### Your assignment
Restate every line below word for word, but drop each picture.

### Input data

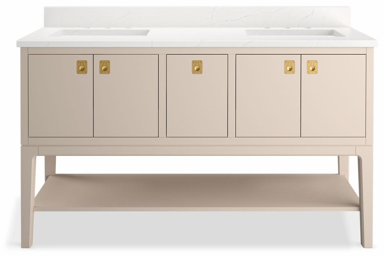 Drawing inspiration from the archives, the Seagrove vanity collection from Kohler x Studio McGee combines classic and modern influences in a timeless expression for the home. Imbued with midcentury modern style, the vanity design features tapered legs adorned with beveled edges and gracefully curved transitions—all unmistakable hallmarks of the era. The inclusion of dimensional details like drop ring pulls embellished with exposed slotted screws create a striking balance, infusing the overall aesthetic with an enduring quality.
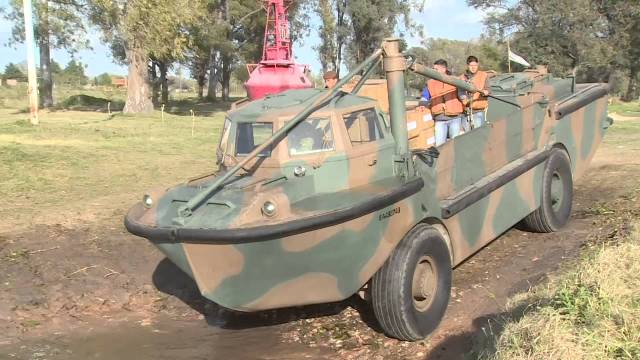 Foto: Los vehiculos anfibios llevan abastecimientos a los pobladores en una region inundada
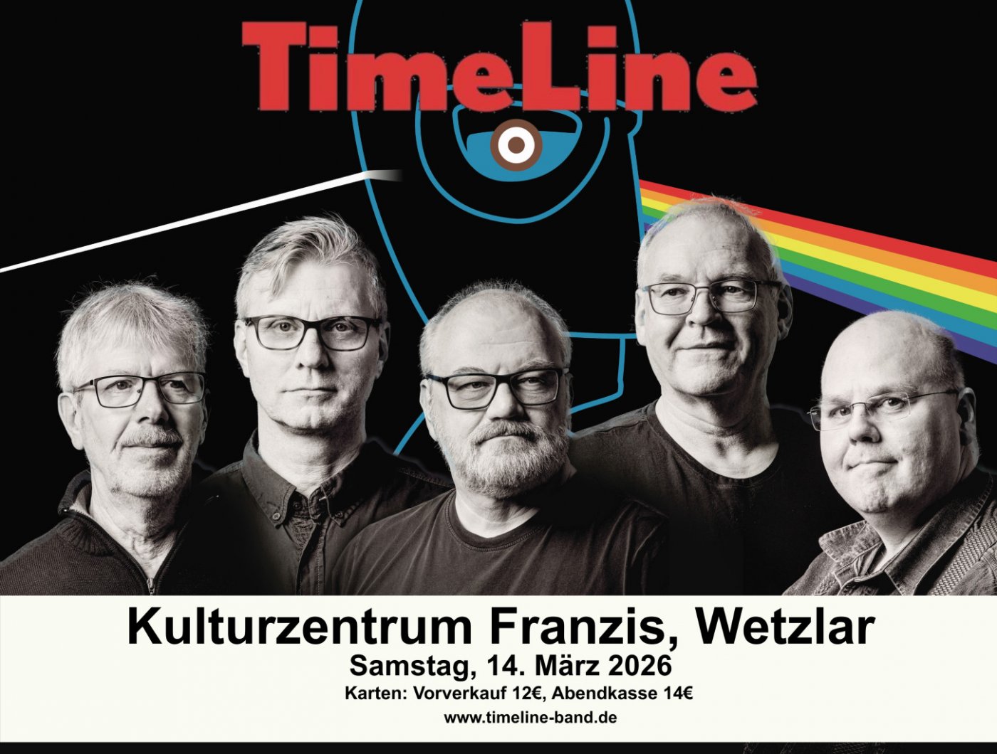 TimeLine bringt den Sound von Pink Floyd live auf die Bühne. Höhepunkt des Abends ist die Aufführung des kompletten Kultalbums „The Dark Side Of The Moon“, ergänzt durch legendäre Konzertmomente aus Pompeji (1972) und Earls Court (1994). Authentisch, musikalisch präzise und mitreißend interpretiert – eine Hommage für echte Floyd-Fans. www.timeline-band.de

### Answer section
 Drawing inspiration from the archives, the Seagrove vanity collection from Kohler x Studio McGee combines classic and modern influences in a timeless expression for the home. Imbued with midcentury modern style, the vanity design features tapered legs adorned with beveled edges and gracefully curved transitions—all unmistakable hallmarks of the era. The inclusion of dimensional details like drop ring pulls embellished with exposed slotted screws create a striking balance, infusing the overall aesthetic with an enduring quality.
 Foto: Los vehiculos anfibios llevan abastecimientos a los pobladores en una region inundada
 TimeLine bringt den Sound von Pink Floyd live auf die Bühne. Höhepunkt des Abends ist die Aufführung des kompletten Kultalbums „The Dark Side Of The Moon“, ergänzt durch legendäre Konzertmomente aus Pompeji (1972) und Earls Court (1994). Authentisch, musikalisch präzise und mitreißend interpretiert – eine Hommage für echte Floyd-Fans. www.timeline-band.de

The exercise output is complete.